- [PROBLEM] Once you find the line below that has "报喜鸟短袖羊毛衫商务休闲针织polo直筒方领内搭打底衫职场上班男", output it and every line after it exactly, stopping after the line that has "Man Interacting with", with no pictures.

===== DATA FOR REVIEW

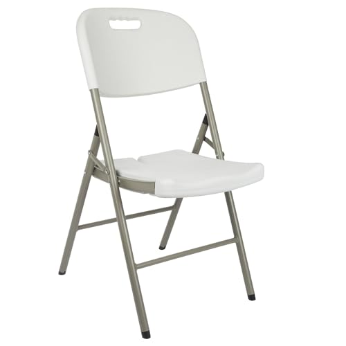 Perel Chaise pliante blanche pour intérieur et extérieur, en plastique, économisant de l'espace, idéale pour événements, fêtes et restauration, avec cadre en acier et assise résistante aux intempéries
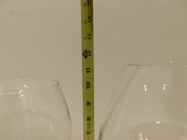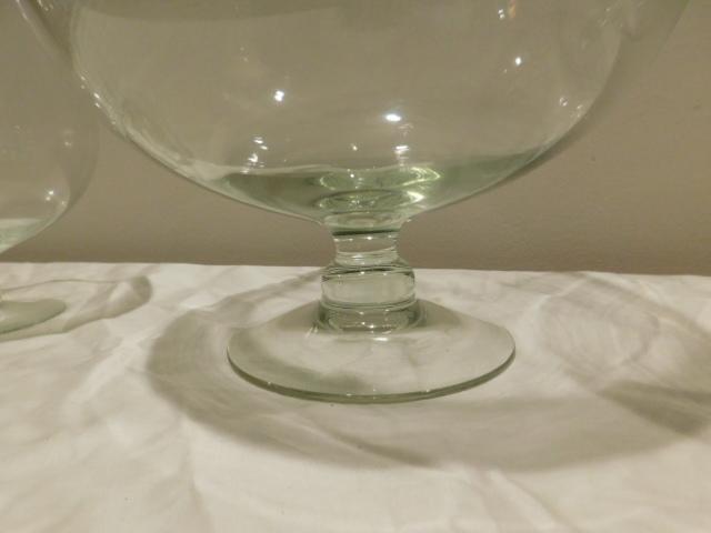 Set of Three Large Clear Glass Trifle and Serving Footed Bowls 8" and 12" have small chips along lips as shown
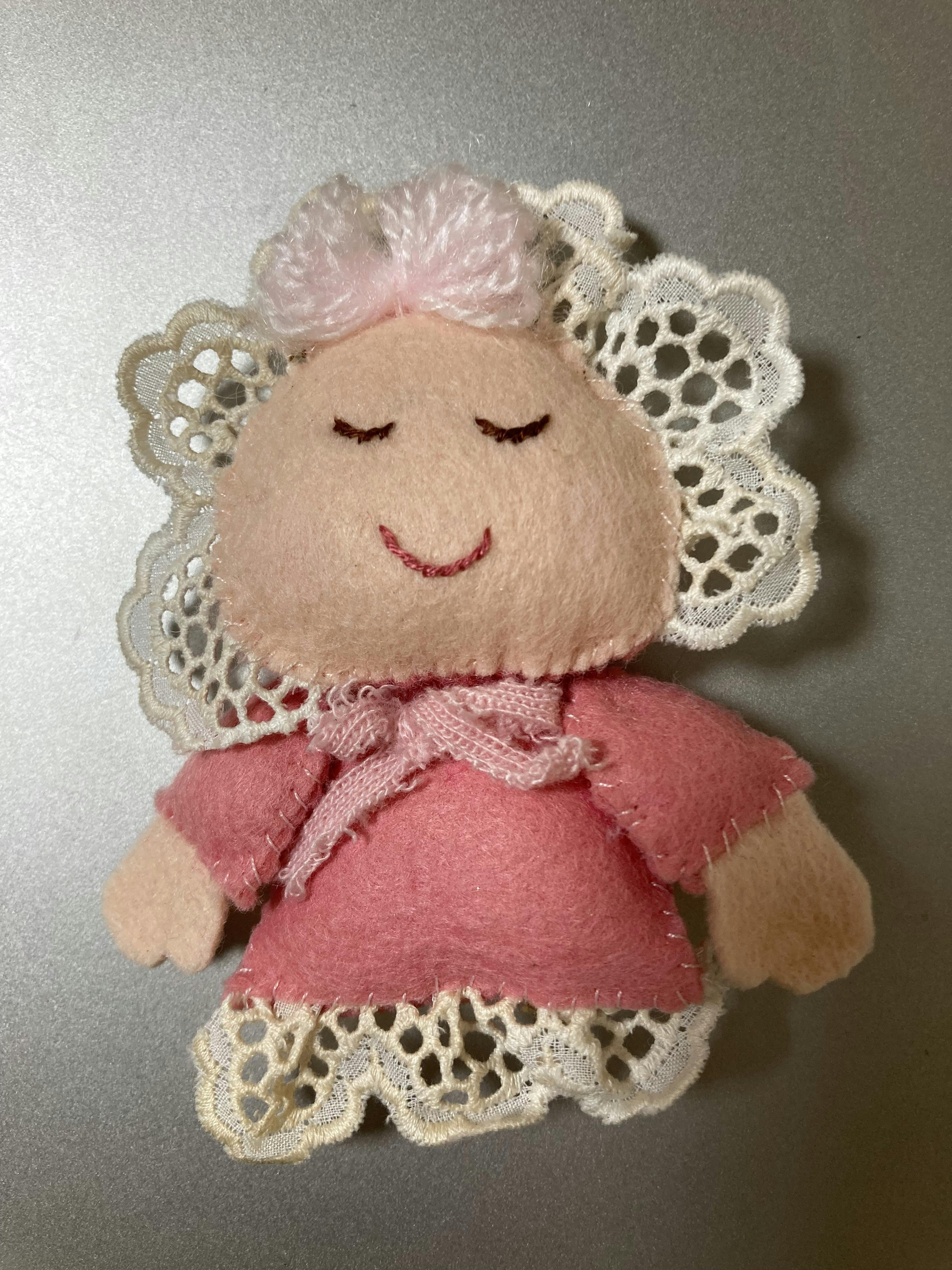 私は、和代ちゃんが作ってくれたマスコット人形なの。身長10cmとミニサイズです。ご支援のリターンにもうすぐお見えします。もししばらくお待ちいただけますようお願いします。他にも、和代ちゃん直筆のローズィちゃんのポストカードや綺麗なお花のポストカード、オンラインのファッションに関する相談等を準備中です。わ〜、楽しみだなぁ。
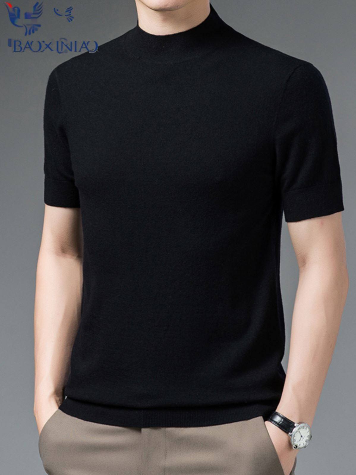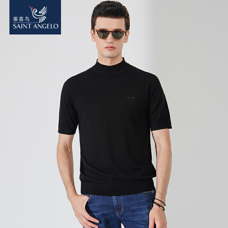 报喜鸟短袖羊毛衫商务休闲针织polo直筒方领内搭打底衫职场上班男
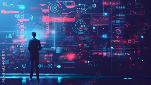 Man Interacting with Futuristic Digital Interface, Digital Art, Cyberpunk, Neon, Technology , digital art, interface
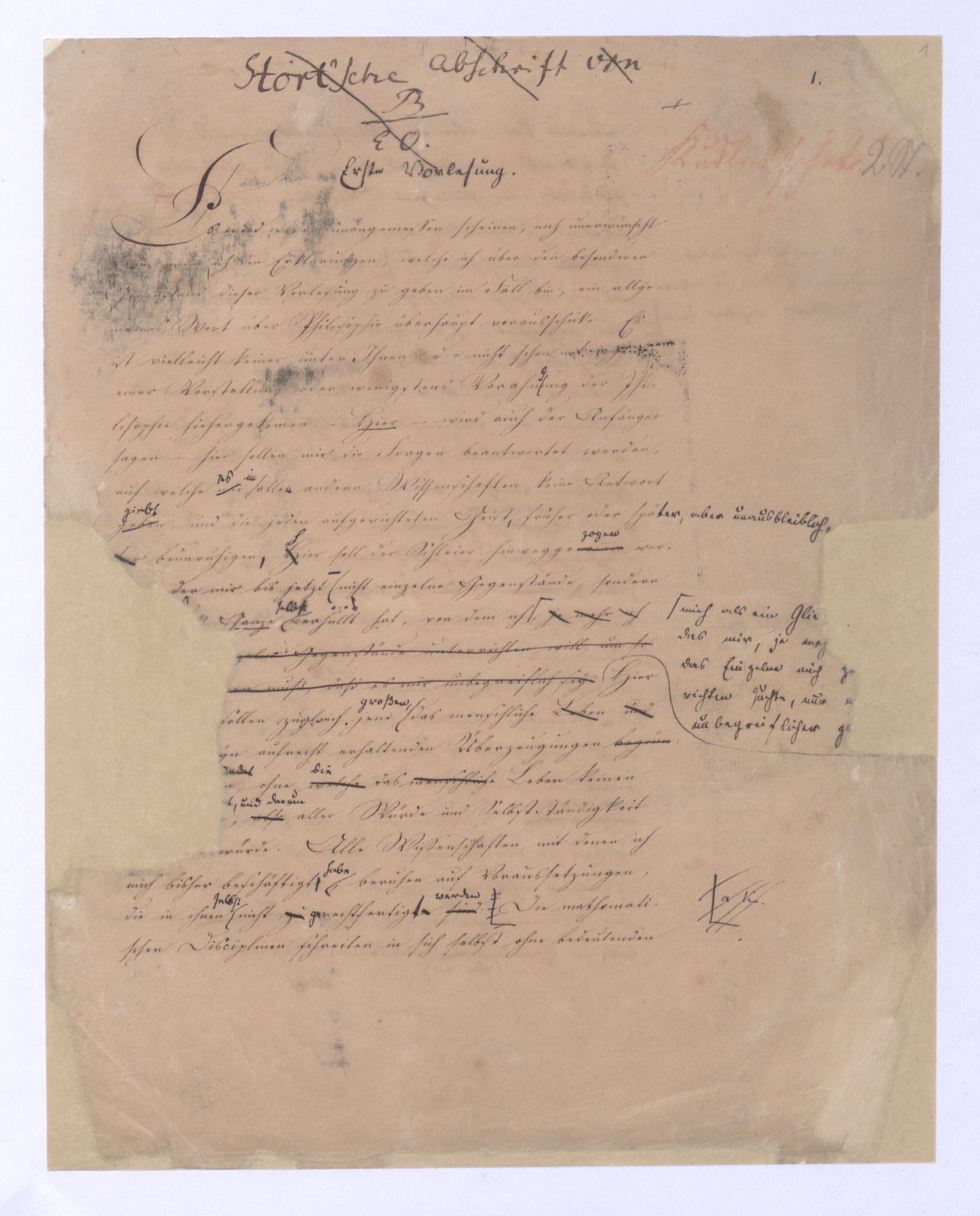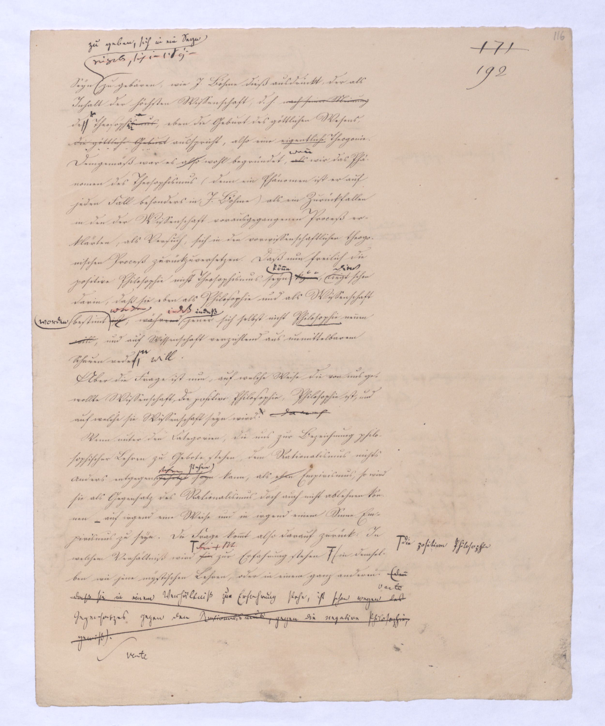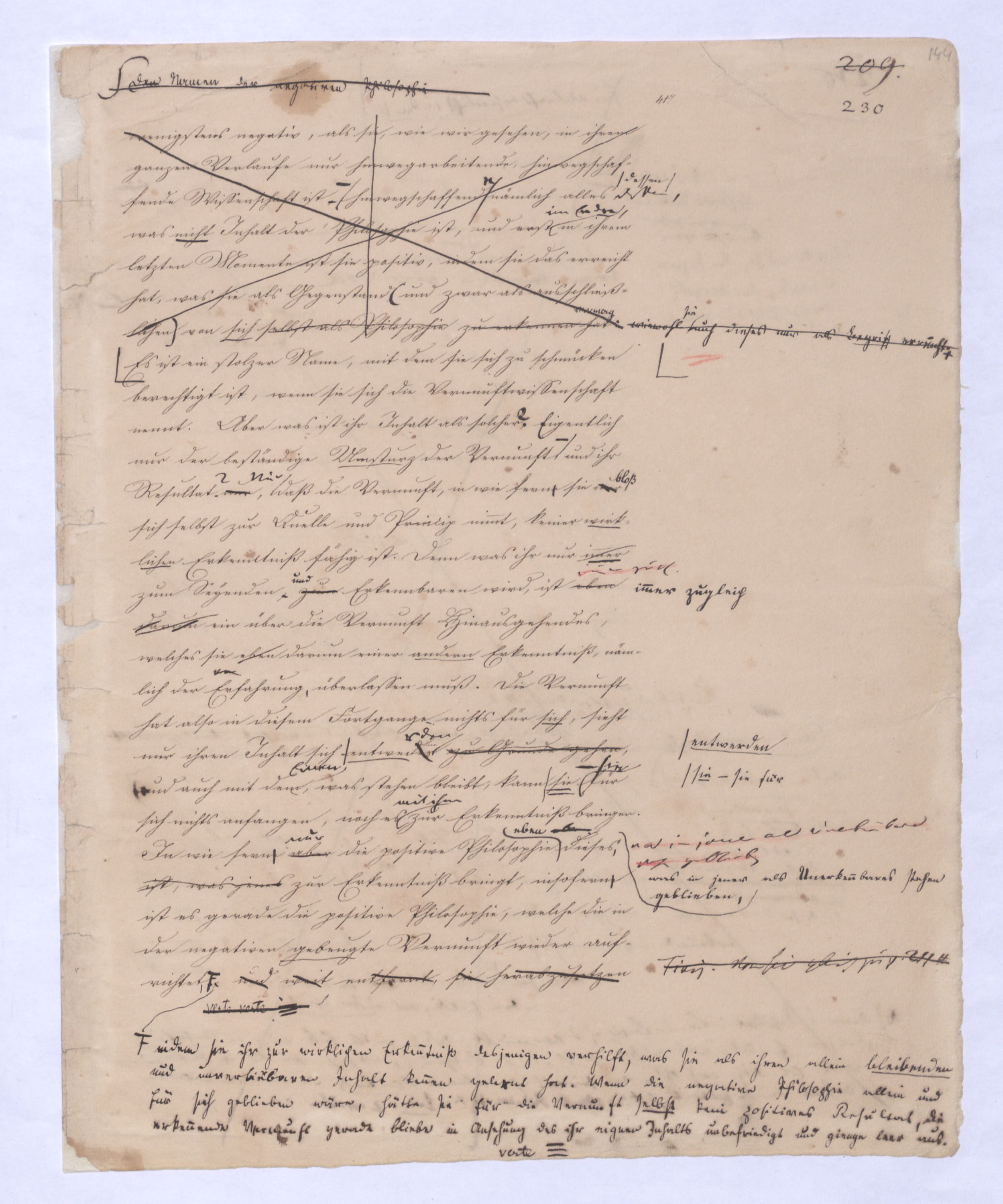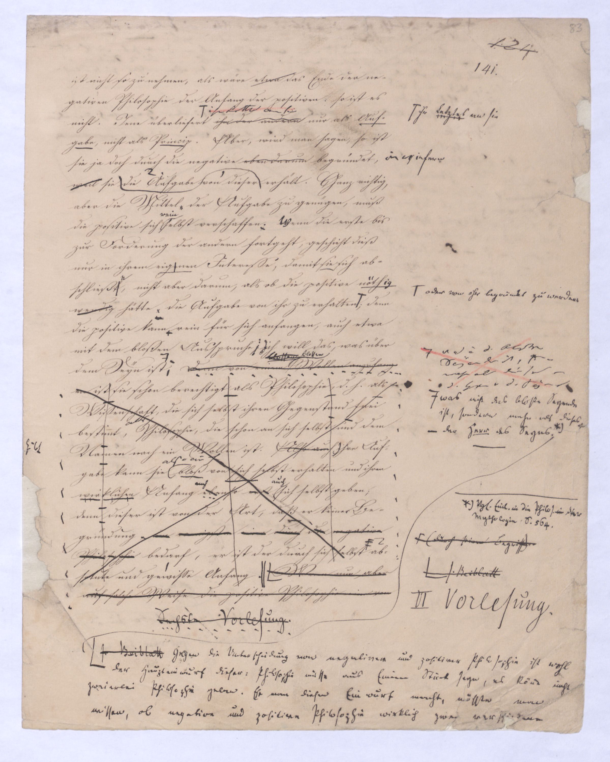 Es geschieht noch jetzt häufig, daßAls eine SinnesändernungWer die + Phil. als Forderung der (-) ansah hatte Recht hat man ferner die wenn er von positive zu sprechen Philosophie erklärt. Aber wenn Unwi Halbunterrichtete meinen, es soll an d. Stelle derich habe die frühere Philos. – die sog. Ident. Ph – als (-) erklärt, um die + an ihre Stelle zu setzen. Dieß wäre Da könnte man dann wohl auch von einer Sinnesänderung sprechen die Rede seyn. Wenn zu einer Sache zwei Elemente, a und b erforderlich sind, und ich befinde mich zunächsterst bloß im Besitze des einen, a, so wird dadurch, daß zu a bA B hinzutritt, a eigentlich nicht verändert, nur das wird verhindertverhindert nur wird daß ich glaube, durch a schon zu besitzen, oder erreichen zu können, was erst durch das Hinzukommen von b möglich ist. So verhält es sich mit der negativen und positiven Philosophie es ist keine Veränderung, die mit der ersten vorgeht, wenn die zweite zu ihr hinzugefügt wird, im Gegentheil wird sie dadurch erst in ihr wahres Wesen eingesetzt, daß sie nicht mehr versucht seyn kann, über ihre Gränzen auszuschweifen, d. h. selbst positiv zu seyn zu wollen. Es Schon bald nachdemist hierwird übrigens zur zu bemerkenzu meinen, daß man, wie ich Bekanntwerdung die Kantische Kr. d. r. V. durchgedrungen war, fing man anfing von einer krit. Philos. zu sprechen: Man fand doch daß eine Kritik d. r. V. noch bald aber fragte man sich auch ob denn nun diese krit. Ph. alles sey, was von Ph. übrig ob es außer dieser nichts mehr von Philos. gebe.seybleibe. So So kann ich nun wohl sagen, daß Was mich betrifft, so erlaube ich mir zu bemerken, daßmir bald nach vollendeten Studium der Kantischen Philosophie empfunden habemir ¿¿¿ einleuchtete, daß diese sogenannte kritische Philosophie unmöglich die ganze seyn könne, ich zweifele sogar, ob sie die eigentliche Philosophie seyn könne; in diesem Gefühle habtte ich schon 1795 in den Briefen über Dogmatismus und Critismus die im ersten Bande meiner Schriften wieder abgedruckt sind

==========

- [ANSWER BELOW]
 报喜鸟短袖羊毛衫商务休闲针织polo直筒方领内搭打底衫职场上班男
 Man Interacting with Futuristic Digital Interface, Digital Art, Cyberpunk, Neon, Technology , digital art, interface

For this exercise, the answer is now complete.